At the 7th short course stop of the 2016 FINA Swimming World Cup, Bell was part of the relay that won the gold medal in the 4×50 m mixed freestyle and the silver medal in the 4×50 m mixed medley.

====Stop 8: Tokyo====

Continuing to the 8th stop of the 2016 FINA Swimming World Cup, he won a gold medal as part of the 4×50 m mixed freestyle and the bronze medal in the 4×50 m mixed medley.

==2018==
===2018 World Short Course Championships===
Grayson competed in the men's 50 metre breaststroke event at the 2018 FINA World Swimming Championships (25 m), in Hangzhou, China. Bell placed. The 4x50 freestyle relay placed 4th in the final.

==2022==
===2022 Australian Swimming Championships===
Bell qualified for the 2022 Commonwealth Games in the 50 metre freestyle, based on his performance at the 2022 Australia Swimming Championships and entered to compete in the 50 metre breaststroke at the selection meet for the Commonwealth Games, the 2022 Australian Swimming Championships in May. Grayson was named to the team Australia rosters for both the 2022 World Aquatics Championships and 2022 Commonwealth Games based on his times and place-finishes.

===2022 World Aquatics Championships===
At the 2022 World Aquatics Championships, held at Danube Arena in Budapest, Hungary starting in June, Bell placed 40th in the 50 metre freestyle preliminaries and 22nd in the 50 metre breaststroke.

===2022 Commonwealth Games===
The following month, Bell ranked first in the preliminaries of the 50 metre breaststroke on the first day of swimming at the 2022 Commonwealth Games, advancing to the semifinals with a time of 27.63 seconds. He placed eight in both the 50 metre freestyle and 50 metre breaststroke final.

===2022 Australian Short Course Championships===
Later the same month, Grayson won the silver medal in the 50 meter breaststroke at the 2022 Australian Short Course Swimming Championships with a time of 26.45, sharing the podium with two Americans. He placed third in the 50 metre freestyle in a time of 21.36 seconds, finishing 0.23 seconds behind of silver medalist Justin Ress and 0.30 seconds behind fellow Australian and gold medalist Kyle Chalmers.

===2022 World Short Course Championships===

In September, following his performances at the 2022 Australian Short Course Championships, Grayson was named to the Australia roster for the 2022 World Short Course Championships, which was held starting 13 December in Melbourne.

On day 3, Bell swam the preliminary heats of the 4×50 metre freestyle relay.

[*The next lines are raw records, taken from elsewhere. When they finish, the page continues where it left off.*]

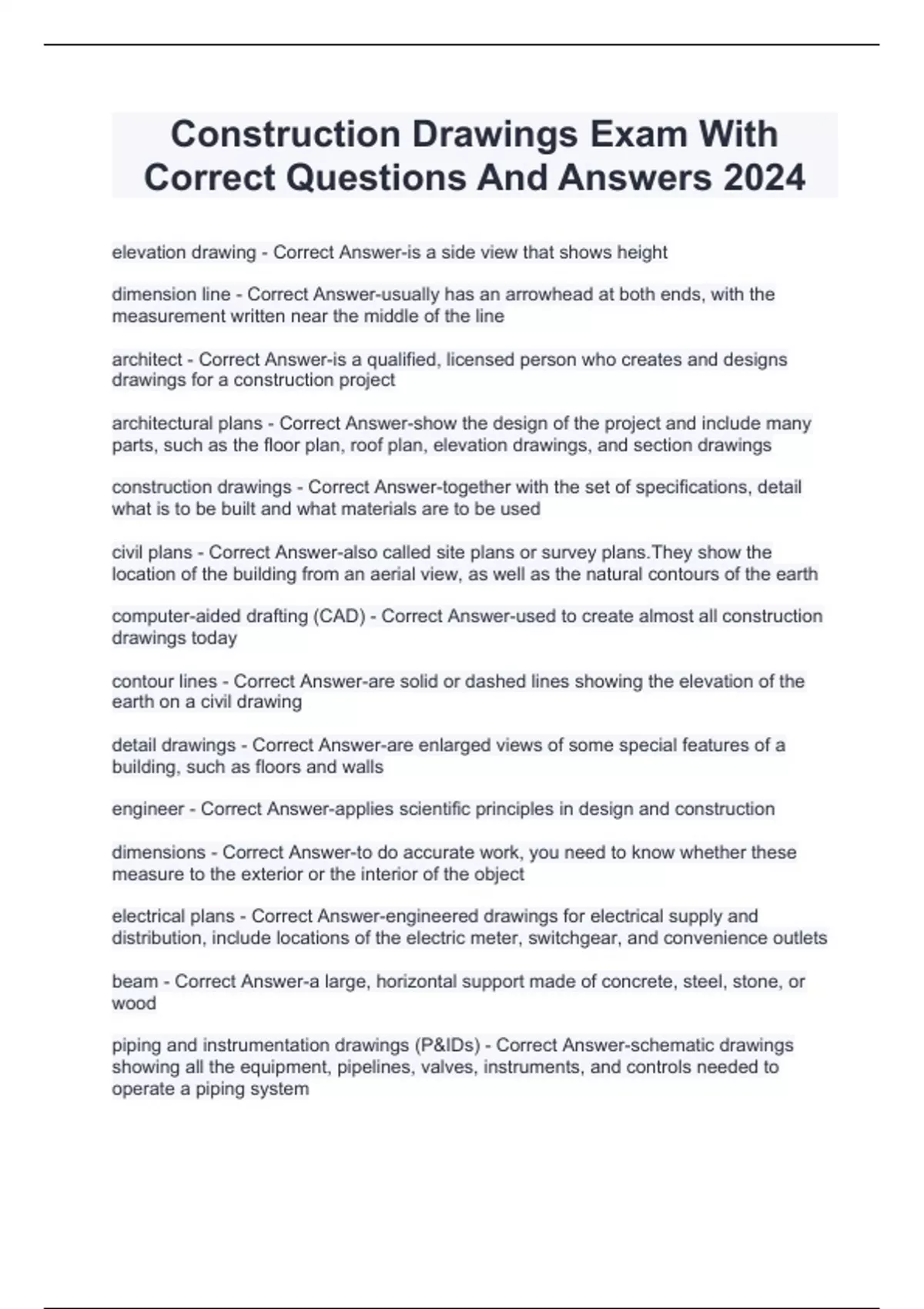 RESIDENTIAL CONSTRUCTION BASICS EXAM QUESTIONS WITH CORRECT ANSWERS 2024 PRINCIPLES OF CONSTRUCTION EXAM 1 WITH CORRECT ANSWERS 2024 PRINCIPLES OF BUILDING CONSTRUCTION INFORMATION AND COMMUNICATION EXAM 2024 PE CONSTRUCTION EXAM 2024 NEW YORK REAL ESTATE UNIT 15 CONSTRUCTION EXAM 2024 FUNDAMENTALS OF BUILDING CONSTRUCTION CHAPTER 1EXAM 2024 FT 161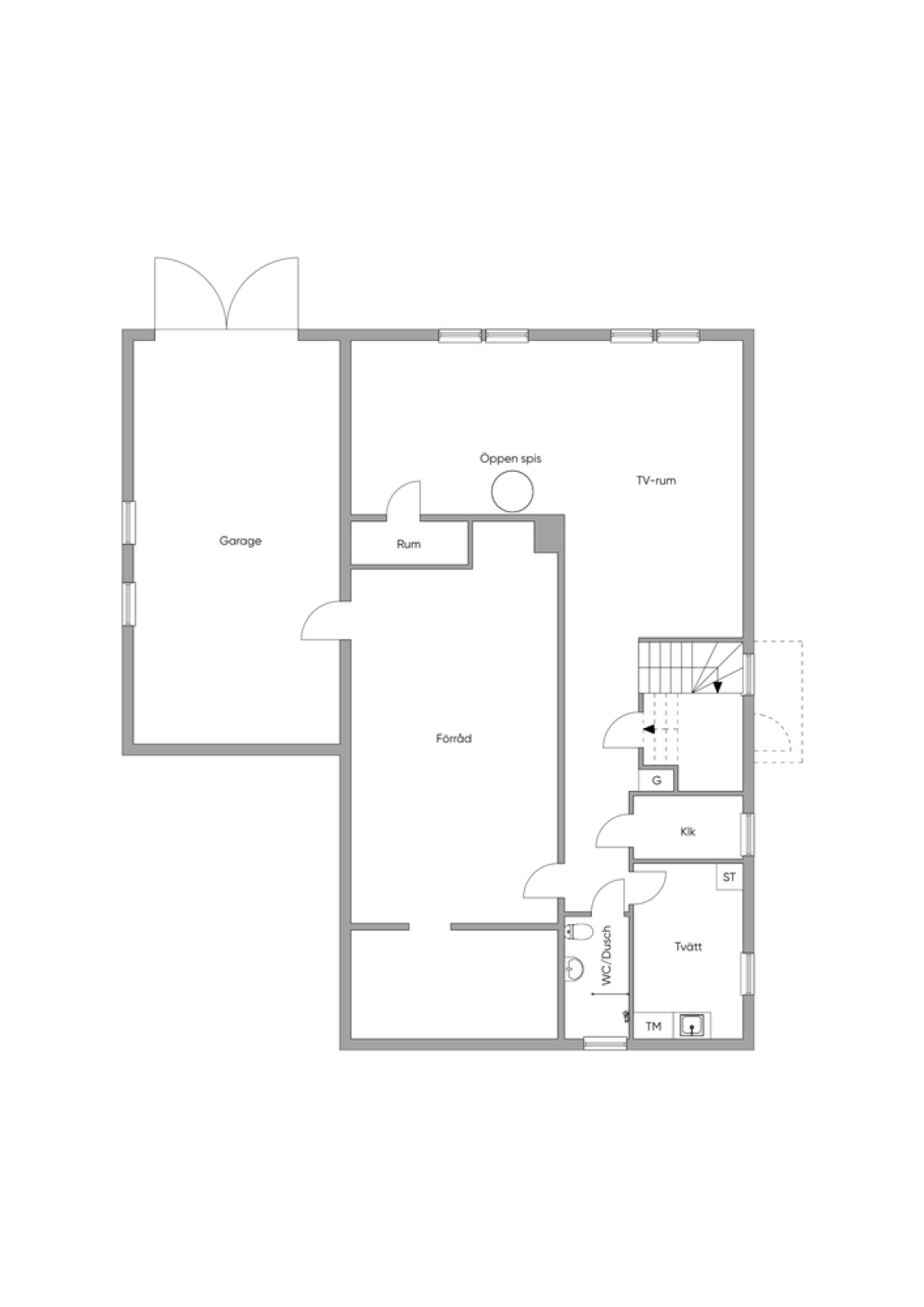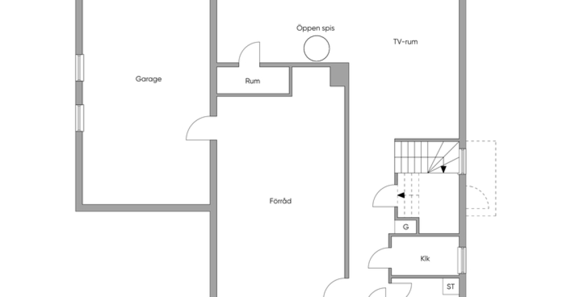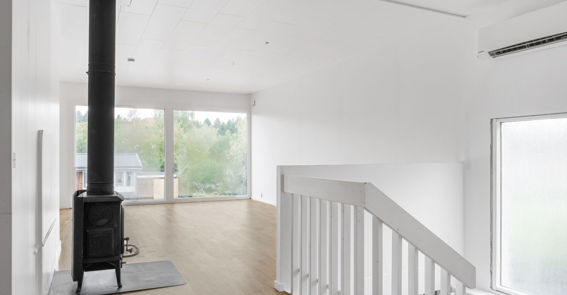 Allrum/gillestuga Detta utrymme kan t.ex. användas som sällskapsrum, bibliotek eller lekrum. Här finns bostadens andra eldstad.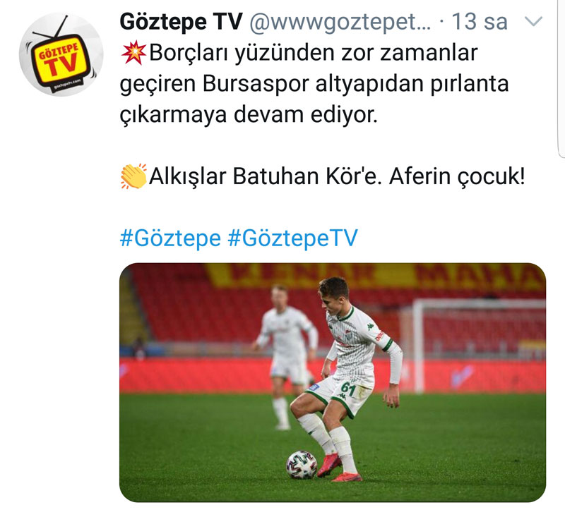 “Borçları yüzünden zor zamanlar geçiren Bursaspor altyapıdan pırlanta çıkarmaya devam ediyor. Alkışlar Batuhan Kör’e. Aferin çocuk.”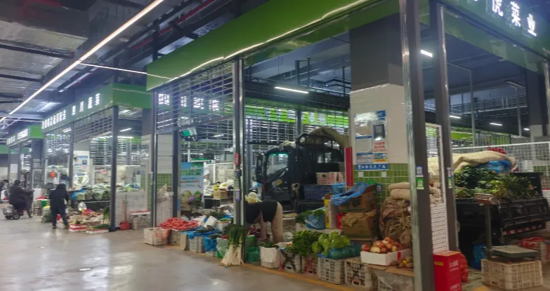 刚走到东二环和平路交口,远远就能看见这座大气的四层建筑,米白色外立面简约利落,门口停车规整有序,丝毫没有传统市场的杂乱。推门进去的瞬间,更是让人眼前一亮:地面干爽整洁,没有积水和烂菜叶,中央空调吹着暖风,冬暖夏凉太舒服;灯光柔和不刺眼,照得青菜翠绿、瓜果鲜亮,连鱼肉生鲜都透着新鲜,视觉上就格外治愈。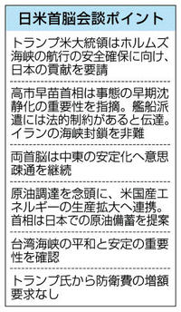 ホルムズ海峡「貢献を」 トランプ氏、日本に要請 日米首脳会談 首相「艦船派遣に制約」 2026年3月21日 05:00 ホワイトハウスで行われた夕食会で、あいさつするトランプ米大統領(右)を見る高市首相=19日、ワシントン(共同) 【ワシントン共同=西山晃平】高市... 残り1084文字(全文:1101文字) この記事をお読みいただくには「デジタルプラン」または「宅配+デジタルプラン」の会員登録が必要です。無料会員の方はログインしてマイページからコース変更してください。デジタルプランまたは宅配+デジタルプランをご登録中の方はログインしてください。 岐阜新聞デジタル会員に登録すると 無料会員向け記事が読める ニュースレターで最新情報が受け取れる デジタルプラン、宅配+デジタルプランなら Webオリジナルコンテンツが読める 紙面ビューアが読める チケットの先行発売に参加できる お得なクーポンが使える 新規登録ページ ログインページ トップ 岐阜のニュース ホルムズ海峡「貢献を」 トランプ氏、日本に要請 日米首脳会談 首相「艦船派遣に制約」 関連記事 ご当地ボンゴレパスタ登場 安八町の浅野撚糸本社併設カフェ新メニュー ゴルフ 西郷7位発進 米女子第1R ★久常と平田、47位スタート ゴルフ Vポイント女子 佐久間2位発進 朴首位 きょうのスポーツ 大相撲春場所13日目 霧島賜杯王手 琴勝峰、豊昇龍に敗れ3敗目 おすすめ記事 長良川遊覧船、日常変える45分 岐阜市で運航スタート 書店「丸善」創業者・早矢仕有的の軌跡、ハヤシライスも実は…山県市出身、マーサで資料展開幕 ご当地ボンゴレパスタ登場 安八町の浅野撚糸本社併設カフェ新メニュー 上杉謙信の愛刀「三日月兼光」優美な品格 名古屋で刀剣特別展が開幕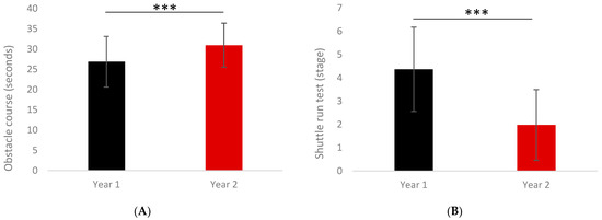 Performances at the Motor Skills Obstacle Course (A) and shuttle-run test (B) between T0 (year 1) and T1 (year 2). *** p < 0.0001.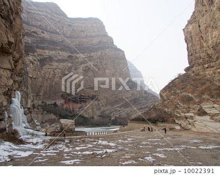 中国 恒山 懸空寺と氷結した川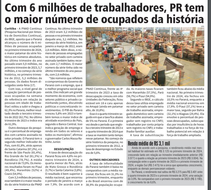 Curitiba - A PNAD Contínua (Pesquisa Nacional por Amostra de Domicílios Contínua), do IBGE, aponta que o Paraná alcançou o número de 6 milhões de pessoas ocupadas no primeiro trimestre de 2024, o maior patamar da série histórica em números absolutos. No último trimestre do ano passado eram 5,9 milhões, no primeiro trimestre de 2023, 5,7 milhões, e no começo da série histórica, no primeiro trimestre de 2012, 5,2 milhões de pessoas. Os dados foram divulgados sexta-feira (17). Com isso, o nível geral de ocupação (percentual de pessoas ocupadas na semana de referência em relação às pessoas em idade de trabalhar) voltou a subir e chegou a 62,3% no Paraná, melhor resultado desde o terceiro trimestre de 2022 (62,7%). No último trimestre de 2023 o índice era de 61,9%. Outro destaque da pesquisa é o percentual de empregados com carteira assinada no setor privado. O Paraná tem o segundo melhor indicador do País, com 81,8%, atrás apenas de Santa Catarina (87,2%), e à frente de São Paulo (81,4%), Rio Grande do Sul (81,3%) e Rondônia (78,7%). A média nacional é de 73,9%. Os menores resultados foram no Piauí (49,4%), Maranhão (52%) e Ceará (54,9%). Com 3,3 milhões de pessoas, esse também é o maior resultado da série histórica da PNAD Contínua. No último trimestre de 2023 eram 3,2 milhões de pessoas e no primeiro trimestre daquele ano, 3,1 milhões. No começo da série histórica, em janeiro a março de 2012, eram 2,8 milhões. Além disso, o número de pessoas empregadas no setor privado com carteira assinada também bateu recorde, com 2,7 milhões. O maior número da série tinha sido no último trimestre do ano passado, com 2,6 milhões. “São números que refletem o compromisso do Governo do Paraná com o emprego, que é o melhor programa social que existe. Eles indicam um grande momento da economia, com setores público e privado caminhando juntos, discutindo políticas e concretizando investimentos. O PIB do Paraná cresceu 5,8% em 2023 e também temos o maior índice de atividade econômica do País, segundo o Banco Central. Isso indica geração de emprego e renda em todos os setores e todos os municípios”, afirmou o governador Carlos Massa Ratinho Junior. DESOCUPAÇÃO A taxa de desocupação do Paraná ficou em 4,8% no primeiro trimestre de 2024, a quarta menor do País, atrás de Mato Grosso e Rondônia (3,7%) e Santa Catarina (3,8%). O resultado é bem superior à média nacional, que encerrou o período de janeiro a março em 7,9%. De acordo com a PNAD Contínua, frente ao 4º trimestre de 2023 a taxa de desocupação cresceu em oito Unidades da Federação, ficou estável em 18 e caiu apenas no Amapá (ainda em patamar alto, de 10,8%). Esse é o quarto trimestre seguido em que a taxa fica abaixo de 5% no Paraná. É a primeira vez desde o período que engloba o terceiro trimestre de 2013 e o quarto trimestre de 2014 que a taxa se mantém tanto tempo nesse patamar. No começo da série histórica da pesquisa, no primeiro trimestre de 2012, a taxa de desemprego no Estado era de 5,6%. OUTROS INDICADORES A taxa de informalidade do Paraná também é baixa no comparativo com a média nacional. Ela ficou em 31,3% no primeiro trimestre, enquanto a do Brasil encerrou com de 38,9% da população ocupada. As maiores taxas ficaram com Maranhão (57,5%), Pará (56,7%) e Piauí (54,9%). Segundo o IBGE, o cálculo dessa taxa utiliza empregado no setor privado sem carteira de trabalho assinada; empregado doméstico sem carteira de trabalho assinada; empregador sem registro no CNPJ; trabalhador por conta própria sem registro no CNPJ; e trabalhador familiar auxiliar. A taxa de subutilização também ficou abaixo da média nacional. No primeiro trimestre de 2024, ela fechou em 10,5% no Paraná, enquanto a média nacional encerrou em 17,9%. O Piauí (37,1%) teve a maior taxa, seguido por Bahia (32,1%) e Alagoas (29,4%). Ela envolve o percentual de pessoas desocupadas, subocupadas por insuficiência de horas trabalhadas e na força de trabalho potencial em relação à força de trabalho ampliada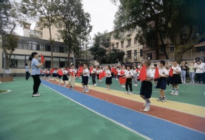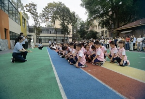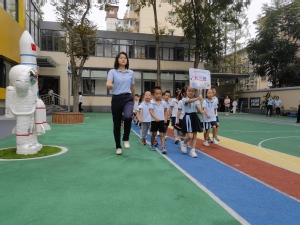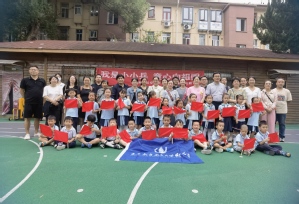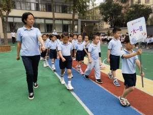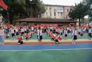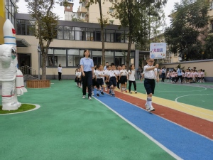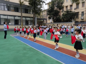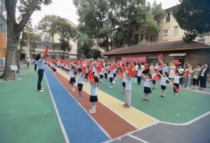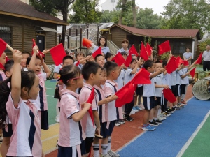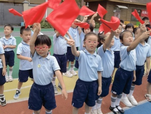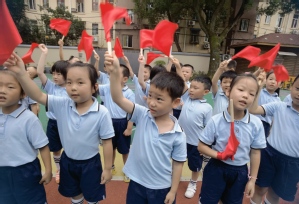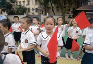 “红星闪闪放光彩,红星闪闪暖胸怀”“小小兵”们手持着红色的旗帜,脸上洋溢着灿烂的笑容。红色的旗帜挥动在南航幼儿园的操场上,随着音乐旋律的变化,有序地变化着队形和动作,充分展现了他们动作的协调能力和运动能力。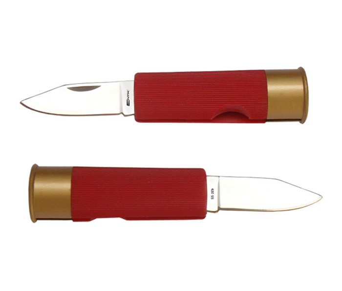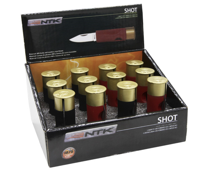 O Canivete Shot, da linha NTK Tático, possui embalagem tipo PDV com 12 unidades, canivete em formato cartucho 12GA com a coloração preta e a coloração vermelha.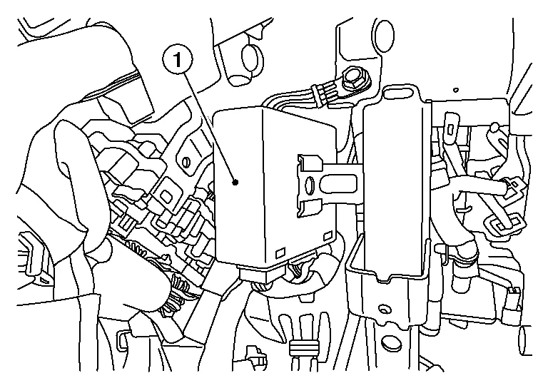 Disconnect the two harness connectors from the automatic drive positioner control unit (1) and remove.

The final team went on to win the gold medal helping set new Oceanian, Commonwealth, Australian, and Australian All Comers records with his fellow finals relay teammates in a time of 1:23.44

On the fifth day, he contributed a 25.92 for the breaststroke portion of the 4×50 metre medley relay in the final to help win the bronze medal with an Oceania, Commonwealth, and Australian record time of 1:30.81. In the semifinals of the 50 meter breaststroke, he broke the Oceania record in a time of 26.24 which placed him 10th.

==2024==
===2024 Australian Short Course Championships===
In September 2024, Bell broke the Australian and Oceania record in the heats of the 50 meter breaststroke in a time of 26.11. Later in the final, he broke his own record again in a time of 26.02.